**Given data**
☆ ☆ ☆ ☆
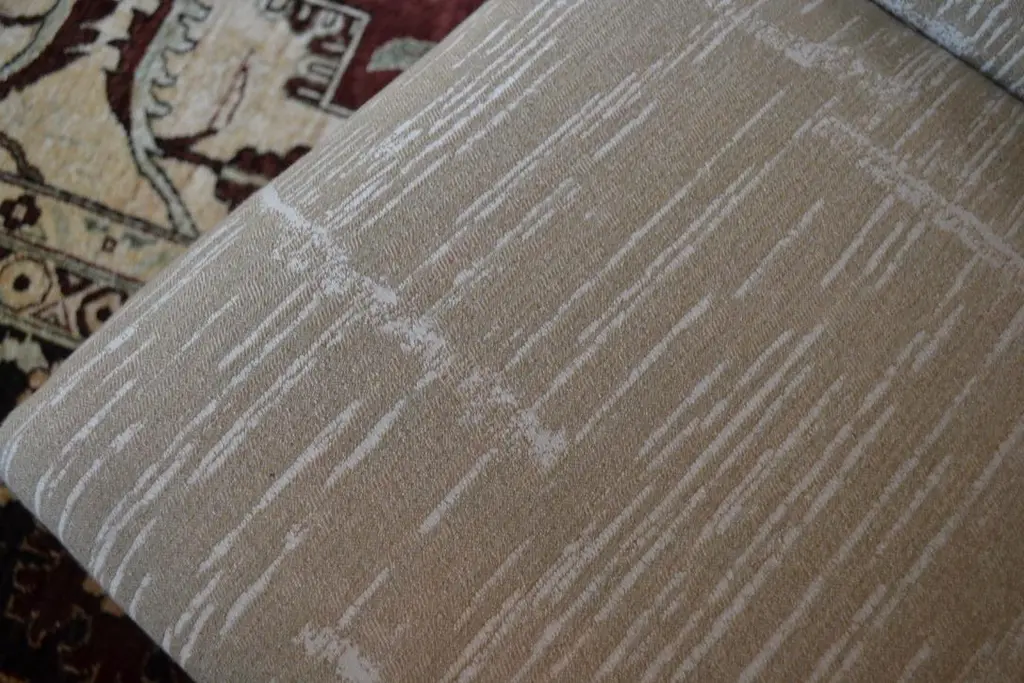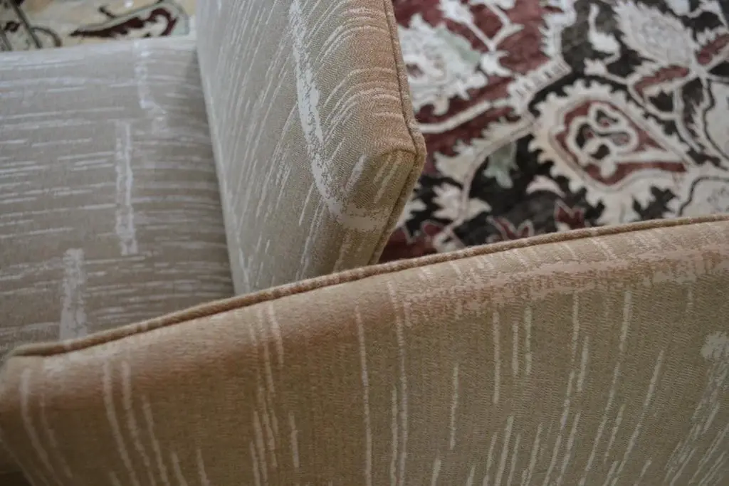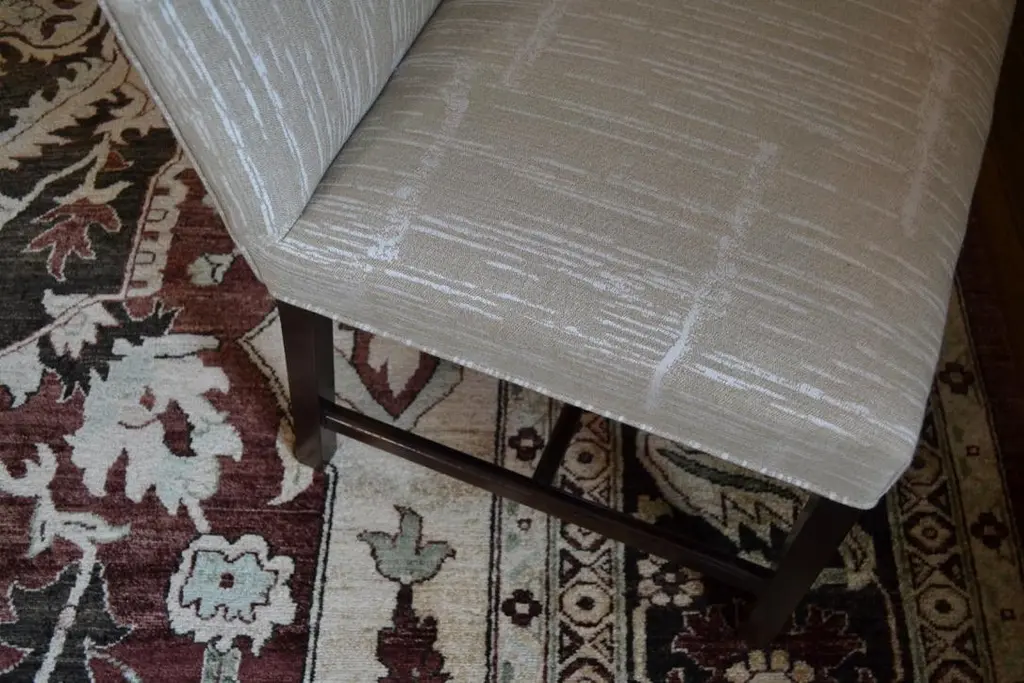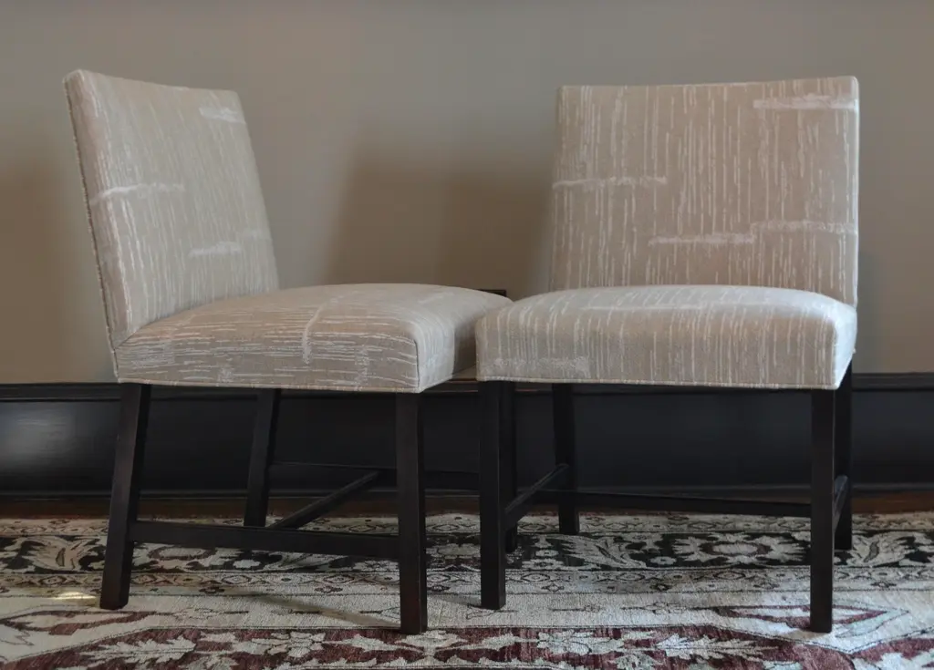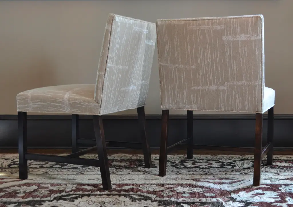 Nice pair of side chairs after Paul Evans or Harvey Probber. Unmarked but likely by Directional Furniture. Generous scale and comfortable. In a relatively new but retired abstract Donghia wool, while the ebonized wood stretcher bases retain their original finish with some signs of age and use. Three pairs available here and the matching arm chairs are available in another listing. 21 1/2" x 21 1/2" x 32 1/2"
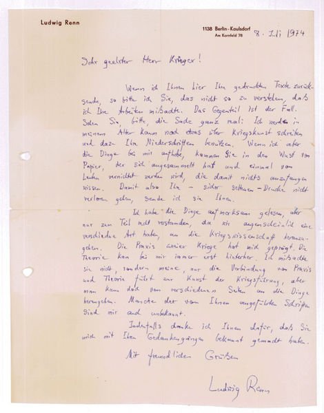 1 S. 4to. Gedr. Briefkopf. Gelocht. An Wolfgang Krüger in Berlin, dem er seine Manuskripte zurückschickt: "[…] Wenn ich Ihnen hier Ihre Texte zurücksende, so bitte ich Sie, das nicht so zu verstehen, daß ich Ihre Arbeiten mißachte. Das Gegenteil ist der Fall. Sehen Sie, bitte, die Sache ganz real: Ich werde in meinem Alter kaum noch etwas über Kriegskunst schreiben und dazu Ihre Niederschriften benutzen. Wenn ich aber die Dinge bei mir aufhebe, kommen Sie in den Wust von Papier, der sich angesammelt hat und einmal von Leuten vernichtet werden wird, die damit nichts anzufangen wissen. Damit also Ihre - sicher seltenen - Drucke nicht verloren gehen, sende ich sie Ihnen. Ich habe Ihre Dinge aufmerksam gelesen, aber nur zum Teil recht verstanden, da wir augenscheinlich eine verschiedene Art haben, an die Kriegswissenschaft heranzugehen. Die Praxis zweier Kriege hat mich geprägt. Die Theorie kam bei mir immer erst hinterher. Ich mißachte sie nicht, sondern meine, nur die Verbindung von Praxis und Theorie führt zur Kunst der Kriegsführung […]" - Kommunistische Lektüre und das Miterleben der polizeilichen Gewalt gegen demonstrierende Arbeiter in Wien wurden Ausgangspunkt für Renns politisches Handeln, als er 1927 nach Deutschland zurückkehrte, hält er unter dem Namen Ludwig Renn Vorträge für Arbeiter. 1928 erschien sein Roman "Krieg", in dem der Krieg aus der Sicht des fiktiven Landsers Ludwig Renn beschrieben wurde. 1928-32 war Renn Mitherausgeber der Zeitschriften "Aufbruch" und "Die Linkskurve". 1930 beschrieb er in seinem zweiten Roman "Nachkrieg" die innenpolitischen Kämpfe von der Revolution 1918/19 bis zum Kapp-Lüttwitz-Putsch. Während der Jahre 1932 und 1935 kam Renn immer wieder in Haft, unter anderem wegen "literarischen Hochverrats" und "Vorbereitung zum Hochverrat", 1936 gelang ihm die Flucht nach Spanien, wo er im Spanischen Bürgerkrieg aktiv wurde. 1940 emigrierte er nach Mexiko. 1947 nach Deutschland zurückgekehrt, wurde Renn Mitglied der SED. 1951 wechselt er an die Berliner Humboldt-Universität.
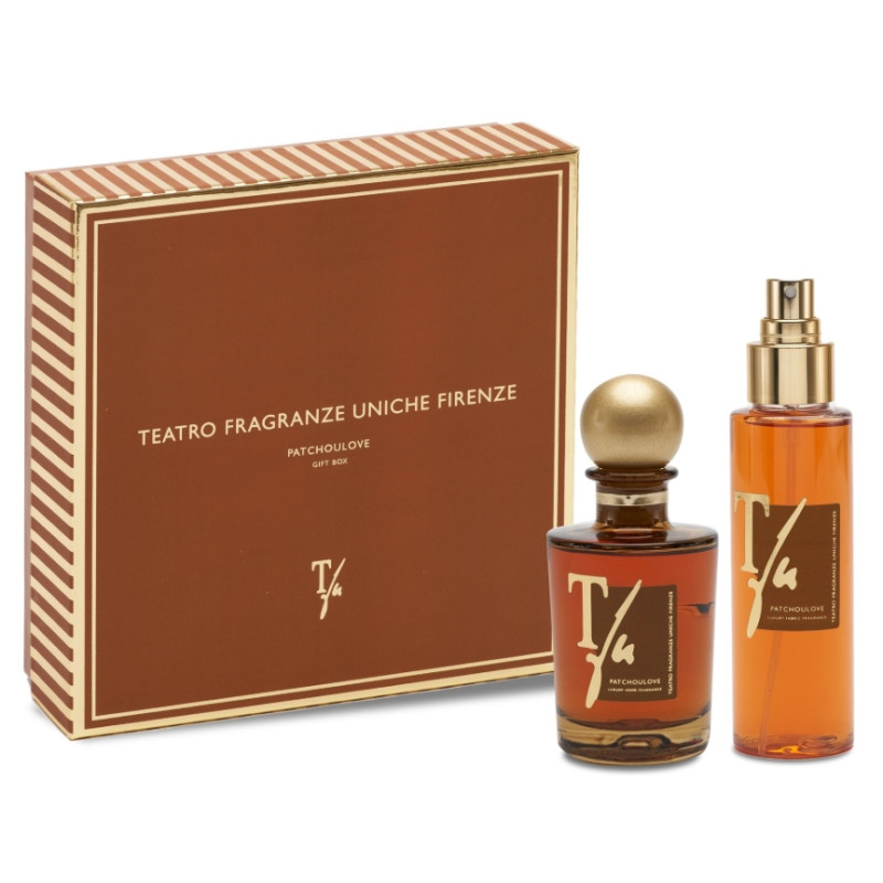 Patchoulove Gift Box by Teatro Fragranze Uniche is a refined home fragrance set with a 100 ml diffuser and fabric spray. Warm patchouli blends with vanilla, caramel and woods, creating a cozy, elegant scent for interiors and textiles.
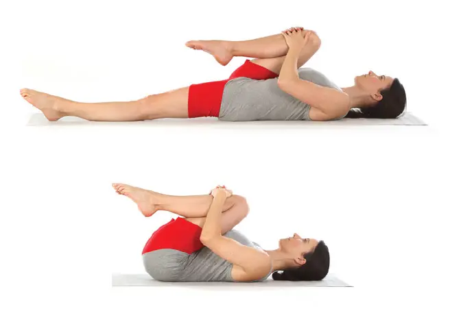 Allongez-vous de tout votre long sur le sol. Entourez votre genou droit avec les deux mains et tirez-le vers votre épaule droite. Les bras restent près du corps, la jambe gauche ne décolle pas du sol. Tenez quelques secondes dans cette position. Avant de changer de côté, repliez les deux jambes et serrez les genoux, le menton dirigé vers la poitrine. Essayez à présent de dérouler votre dos sur le sol vertèbre par vertèbre.
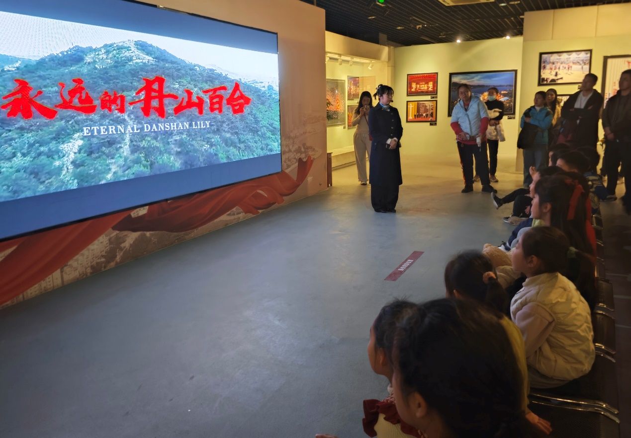 小记者观看档案题材微电影《永远的丹山百合》。
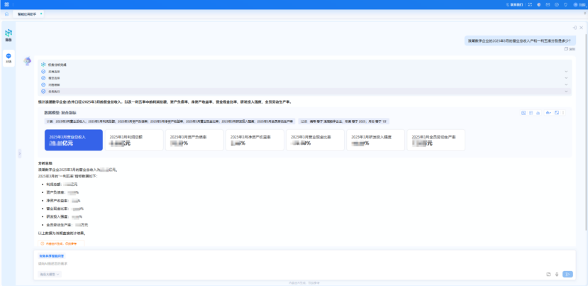 全面的深度分析能力:提供从精准查询到排名、对比、筛选、占比、汇总以及多维度分析等丰富功能,帮助用户从海量数据中抽丝剥茧,快速定位关键信息,洞察数据背后的深层逻辑。
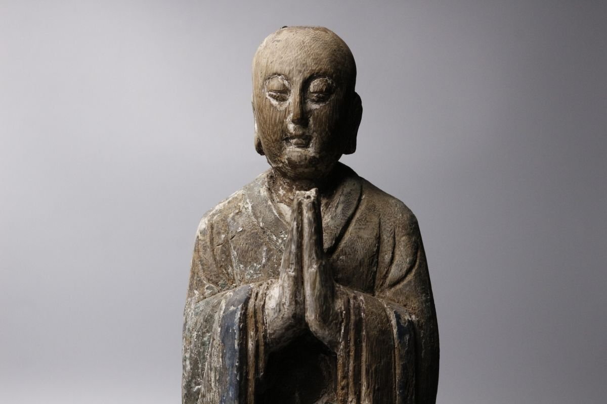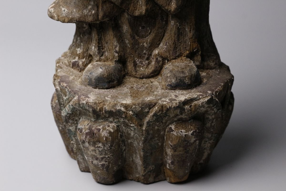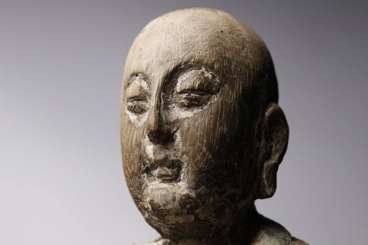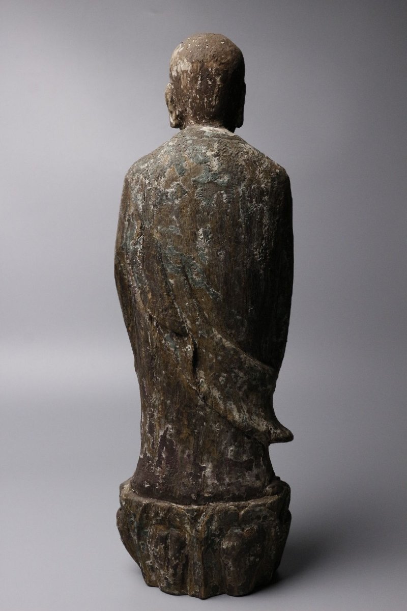 * * * 商品詳細 * * * ここでしか出逢うことのできない唯一の美をご紹介させて頂きます。 悠久の年月を感じさせる木の地肌が味わい深い 木彫 善導大師立像のご紹介です。 善導大師は中国唐代初期に活躍した、中国浄土教(浄土宗)の基礎を確立した人物で、 日本の法然上人にも絶大な影響を与え、浄土宗では「浄土五祖」の第三祖とされています 目を閉じながら大きな手を高い位置で合わせて拝む様子は 神秘的であり信仰心の表れのようでもある神々しいお姿をしています。 風格感じる木肌は経年を経ることによる変化を感じさせる時代の逸品です。 この機会に是非、お手元にてご堪能ください。 ■サイズ/横11.5㎝×高35㎝×奥行9㎝ ■状態/ スレ、傷、欠け、割れ、剥げ、腐食、経年による傷みがございます。 ※写真にてご確認、ご了承の上ご入札下さい。
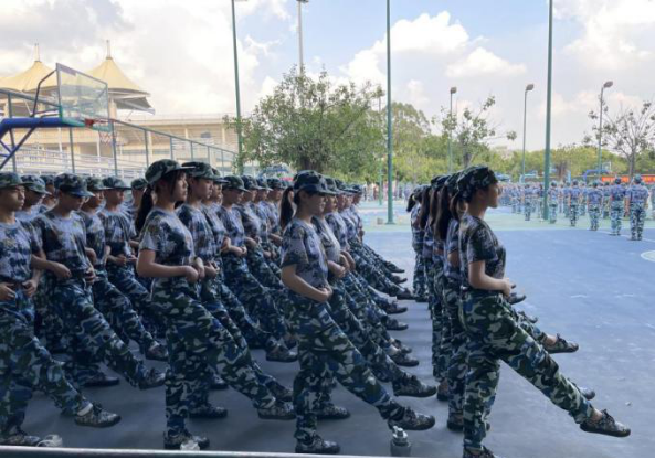 军训也是甜的。这里有教官们训练时严格的命令,也有他们“严格”的温柔;有老师们的陪伴,更有她们无时无刻、无微不至的关怀。教官与老师们很体贴地做了许多后勤保障工作。考虑到可能有同学会中暑、受伤,老师们在大本营准备了藿香正气水、碘伏、酒精等药物;教官们会在日光强烈时带领同学们坐到树荫下进行拉歌,大家团结一心、开怀大笑。
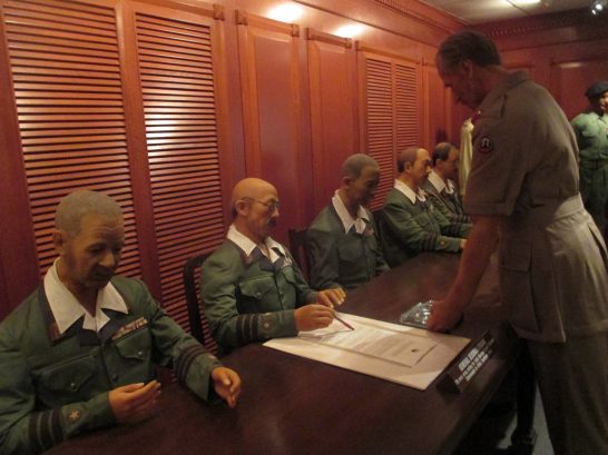 写真下 ①マレー半島に進撃し、シンガポールを陥落させたことで「マレーの虎」と呼ばれた山下奉文(ともゆき)(下の蝋人形、左から2人目)と対面するのは、英国の将軍アーサー・パーシバル。1942年2月15日(私が生まれる9カ月前)のこと。このとき山下奉文、が「イエスかノーか!」と「豪快に降伏を迫った」と伝えられたが、後日、奉文は「私はそのような無礼なことは言っていない」と否定している。
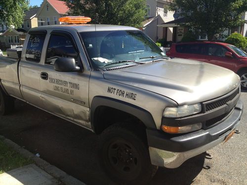 this is my 2001 chevy 2500hd extended cab pick up converted to a tow truck, it has a eagle claw hyrdrualic set up, power in and out and power up and down controls are inside the cab. both pumps are fairly new 1 leaks a little( most likely needs to be tightened somewhere) trucks starts right up and makes money! manual windows, cdplayer, a/c and heat, new serpentine belt,has new upper control arms new pitman arms new tie rods new driveshaft bushing has strobes tires with a lot of thread in the front rears might need replacing in a year. the truck is still registered and insured and I use it everyday, i was told to get a smoother ride to change the shocks and add helpers, I never cared because the truck is fine to me as is. the bed of the truck is very ugly and cracked, passenger door has damage but still opens fine, I used this truck to make money not to impress anyone, buyer must pick up in queens village ny 11428 truck is being sold as is. Winner of auction must pay full amount at auction end any questions please call or text me 347-939-3530 I am selling this truck only to buy a bigger one clean ny title has remote start 6.0 gas engine has back up camera but it needs to be fixed
☆ ☆ ☆ ☆
Every record above, copied exactly and without a single picture, makes up the answer.

 Nice pair of side chairs after Paul Evans or Harvey Probber. Unmarked but likely by Directional Furniture. Generous scale and comfortable. In a relatively new but retired abstract Donghia wool, while the ebonized wood stretcher bases retain their original finish with some signs of age and use. Three pairs available here and the matching arm chairs are available in another listing. 21 1/2" x 21 1/2" x 32 1/2"
 1 S. 4to. Gedr. Briefkopf. Gelocht. An Wolfgang Krüger in Berlin, dem er seine Manuskripte zurückschickt: "[…] Wenn ich Ihnen hier Ihre Texte zurücksende, so bitte ich Sie, das nicht so zu verstehen, daß ich Ihre Arbeiten mißachte. Das Gegenteil ist der Fall. Sehen Sie, bitte, die Sache ganz real: Ich werde in meinem Alter kaum noch etwas über Kriegskunst schreiben und dazu Ihre Niederschriften benutzen. Wenn ich aber die Dinge bei mir aufhebe, kommen Sie in den Wust von Papier, der sich angesammelt hat und einmal von Leuten vernichtet werden wird, die damit nichts anzufangen wissen. Damit also Ihre - sicher seltenen - Drucke nicht verloren gehen, sende ich sie Ihnen. Ich habe Ihre Dinge aufmerksam gelesen, aber nur zum Teil recht verstanden, da wir augenscheinlich eine verschiedene Art haben, an die Kriegswissenschaft heranzugehen. Die Praxis zweier Kriege hat mich geprägt. Die Theorie kam bei mir immer erst hinterher. Ich mißachte sie nicht, sondern meine, nur die Verbindung von Praxis und Theorie führt zur Kunst der Kriegsführung […]" - Kommunistische Lektüre und das Miterleben der polizeilichen Gewalt gegen demonstrierende Arbeiter in Wien wurden Ausgangspunkt für Renns politisches Handeln, als er 1927 nach Deutschland zurückkehrte, hält er unter dem Namen Ludwig Renn Vorträge für Arbeiter. 1928 erschien sein Roman "Krieg", in dem der Krieg aus der Sicht des fiktiven Landsers Ludwig Renn beschrieben wurde. 1928-32 war Renn Mitherausgeber der Zeitschriften "Aufbruch" und "Die Linkskurve". 1930 beschrieb er in seinem zweiten Roman "Nachkrieg" die innenpolitischen Kämpfe von der Revolution 1918/19 bis zum Kapp-Lüttwitz-Putsch. Während der Jahre 1932 und 1935 kam Renn immer wieder in Haft, unter anderem wegen "literarischen Hochverrats" und "Vorbereitung zum Hochverrat", 1936 gelang ihm die Flucht nach Spanien, wo er im Spanischen Bürgerkrieg aktiv wurde. 1940 emigrierte er nach Mexiko. 1947 nach Deutschland zurückgekehrt, wurde Renn Mitglied der SED. 1951 wechselt er an die Berliner Humboldt-Universität.
 Patchoulove Gift Box by Teatro Fragranze Uniche is a refined home fragrance set with a 100 ml diffuser and fabric spray. Warm patchouli blends with vanilla, caramel and woods, creating a cozy, elegant scent for interiors and textiles.
 Allongez-vous de tout votre long sur le sol. Entourez votre genou droit avec les deux mains et tirez-le vers votre épaule droite. Les bras restent près du corps, la jambe gauche ne décolle pas du sol. Tenez quelques secondes dans cette position. Avant de changer de côté, repliez les deux jambes et serrez les genoux, le menton dirigé vers la poitrine. Essayez à présent de dérouler votre dos sur le sol vertèbre par vertèbre.
 小记者观看档案题材微电影《永远的丹山百合》。
 全面的深度分析能力:提供从精准查询到排名、对比、筛选、占比、汇总以及多维度分析等丰富功能,帮助用户从海量数据中抽丝剥茧,快速定位关键信息,洞察数据背后的深层逻辑。
 * * * 商品詳細 * * * ここでしか出逢うことのできない唯一の美をご紹介させて頂きます。 悠久の年月を感じさせる木の地肌が味わい深い 木彫 善導大師立像のご紹介です。 善導大師は中国唐代初期に活躍した、中国浄土教(浄土宗)の基礎を確立した人物で、 日本の法然上人にも絶大な影響を与え、浄土宗では「浄土五祖」の第三祖とされています 目を閉じながら大きな手を高い位置で合わせて拝む様子は 神秘的であり信仰心の表れのようでもある神々しいお姿をしています。 風格感じる木肌は経年を経ることによる変化を感じさせる時代の逸品です。 この機会に是非、お手元にてご堪能ください。 ■サイズ/横11.5㎝×高35㎝×奥行9㎝ ■状態/ スレ、傷、欠け、割れ、剥げ、腐食、経年による傷みがございます。 ※写真にてご確認、ご了承の上ご入札下さい。
 军训也是甜的。这里有教官们训练时严格的命令,也有他们“严格”的温柔;有老师们的陪伴,更有她们无时无刻、无微不至的关怀。教官与老师们很体贴地做了许多后勤保障工作。考虑到可能有同学会中暑、受伤,老师们在大本营准备了藿香正气水、碘伏、酒精等药物;教官们会在日光强烈时带领同学们坐到树荫下进行拉歌,大家团结一心、开怀大笑。
 写真下 ①マレー半島に進撃し、シンガポールを陥落させたことで「マレーの虎」と呼ばれた山下奉文(ともゆき)(下の蝋人形、左から2人目)と対面するのは、英国の将軍アーサー・パーシバル。1942年2月15日(私が生まれる9カ月前)のこと。このとき山下奉文、が「イエスかノーか!」と「豪快に降伏を迫った」と伝えられたが、後日、奉文は「私はそのような無礼なことは言っていない」と否定している。
 this is my 2001 chevy 2500hd extended cab pick up converted to a tow truck, it has a eagle claw hyrdrualic set up, power in and out and power up and down controls are inside the cab. both pumps are fairly new 1 leaks a little( most likely needs to be tightened somewhere) trucks starts right up and makes money! manual windows, cdplayer, a/c and heat, new serpentine belt,has new upper control arms new pitman arms new tie rods new driveshaft bushing has strobes tires with a lot of thread in the front rears might need replacing in a year. the truck is still registered and insured and I use it everyday, i was told to get a smoother ride to change the shocks and add helpers, I never cared because the truck is fine to me as is. the bed of the truck is very ugly and cracked, passenger door has damage but still opens fine, I used this truck to make money not to impress anyone, buyer must pick up in queens village ny 11428 truck is being sold as is. Winner of auction must pay full amount at auction end any questions please call or text me 347-939-3530 I am selling this truck only to buy a bigger one clean ny title has remote start 6.0 gas engine has back up camera but it needs to be fixed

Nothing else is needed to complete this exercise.